■ **ACTION ITEM**
Copy exactly the last part of the entries, starting from the line with "6月24日,埃及最高總統(t" and including the final line.

■ **DATA TO PROCESS**
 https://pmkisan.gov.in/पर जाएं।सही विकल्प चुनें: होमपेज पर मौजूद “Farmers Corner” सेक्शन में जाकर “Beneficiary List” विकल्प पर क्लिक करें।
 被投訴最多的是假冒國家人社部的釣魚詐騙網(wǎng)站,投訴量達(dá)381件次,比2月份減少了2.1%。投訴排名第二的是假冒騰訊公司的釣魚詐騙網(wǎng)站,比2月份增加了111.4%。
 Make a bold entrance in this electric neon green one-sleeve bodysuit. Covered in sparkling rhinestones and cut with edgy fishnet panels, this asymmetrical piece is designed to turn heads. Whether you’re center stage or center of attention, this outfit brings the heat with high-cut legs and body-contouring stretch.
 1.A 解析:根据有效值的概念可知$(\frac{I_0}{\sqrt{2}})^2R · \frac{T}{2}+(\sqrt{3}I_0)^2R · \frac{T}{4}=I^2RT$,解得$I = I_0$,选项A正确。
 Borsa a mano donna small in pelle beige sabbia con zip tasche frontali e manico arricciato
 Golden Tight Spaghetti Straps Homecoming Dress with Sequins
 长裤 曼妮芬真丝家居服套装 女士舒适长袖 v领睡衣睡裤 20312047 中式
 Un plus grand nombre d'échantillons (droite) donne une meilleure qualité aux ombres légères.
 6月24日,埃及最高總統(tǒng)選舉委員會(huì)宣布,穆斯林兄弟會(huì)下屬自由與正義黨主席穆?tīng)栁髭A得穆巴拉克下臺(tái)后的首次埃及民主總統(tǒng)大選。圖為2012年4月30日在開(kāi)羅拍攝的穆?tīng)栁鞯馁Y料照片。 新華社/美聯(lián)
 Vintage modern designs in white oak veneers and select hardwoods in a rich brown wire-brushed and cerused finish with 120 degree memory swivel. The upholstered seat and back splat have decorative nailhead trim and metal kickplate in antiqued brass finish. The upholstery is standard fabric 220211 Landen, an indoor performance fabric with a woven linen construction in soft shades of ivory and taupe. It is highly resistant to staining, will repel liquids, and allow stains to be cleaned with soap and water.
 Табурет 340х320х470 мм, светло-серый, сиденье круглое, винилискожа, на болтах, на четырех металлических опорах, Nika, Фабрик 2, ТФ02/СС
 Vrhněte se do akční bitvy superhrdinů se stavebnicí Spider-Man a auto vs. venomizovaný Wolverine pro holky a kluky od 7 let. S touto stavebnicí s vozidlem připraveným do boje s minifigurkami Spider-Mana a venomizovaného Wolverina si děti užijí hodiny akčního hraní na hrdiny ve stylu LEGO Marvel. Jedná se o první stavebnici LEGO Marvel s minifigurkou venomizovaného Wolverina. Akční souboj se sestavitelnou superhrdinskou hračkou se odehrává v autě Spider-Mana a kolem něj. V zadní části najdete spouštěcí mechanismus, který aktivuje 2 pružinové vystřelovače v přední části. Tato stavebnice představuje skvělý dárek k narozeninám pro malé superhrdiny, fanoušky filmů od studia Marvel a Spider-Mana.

■ **RESPONSE AREA**
 6月24日,埃及最高總統(tǒng)選舉委員會(huì)宣布,穆斯林兄弟會(huì)下屬自由與正義黨主席穆?tīng)栁髭A得穆巴拉克下臺(tái)后的首次埃及民主總統(tǒng)大選。圖為2012年4月30日在開(kāi)羅拍攝的穆?tīng)栁鞯馁Y料照片。 新華社/美聯(lián)
 Vintage modern designs in white oak veneers and select hardwoods in a rich brown wire-brushed and cerused finish with 120 degree memory swivel. The upholstered seat and back splat have decorative nailhead trim and metal kickplate in antiqued brass finish. The upholstery is standard fabric 220211 Landen, an indoor performance fabric with a woven linen construction in soft shades of ivory and taupe. It is highly resistant to staining, will repel liquids, and allow stains to be cleaned with soap and water.
 Табурет 340х320х470 мм, светло-серый, сиденье круглое, винилискожа, на болтах, на четырех металлических опорах, Nika, Фабрик 2, ТФ02/СС
 Vrhněte se do akční bitvy superhrdinů se stavebnicí Spider-Man a auto vs. venomizovaný Wolverine pro holky a kluky od 7 let. S touto stavebnicí s vozidlem připraveným do boje s minifigurkami Spider-Mana a venomizovaného Wolverina si děti užijí hodiny akčního hraní na hrdiny ve stylu LEGO Marvel. Jedná se o první stavebnici LEGO Marvel s minifigurkou venomizovaného Wolverina. Akční souboj se sestavitelnou superhrdinskou hračkou se odehrává v autě Spider-Mana a kolem něj. V zadní části najdete spouštěcí mechanismus, který aktivuje 2 pružinové vystřelovače v přední části. Tato stavebnice představuje skvělý dárek k narozeninám pro malé superhrdiny, fanoušky filmů od studia Marvel a Spider-Mana.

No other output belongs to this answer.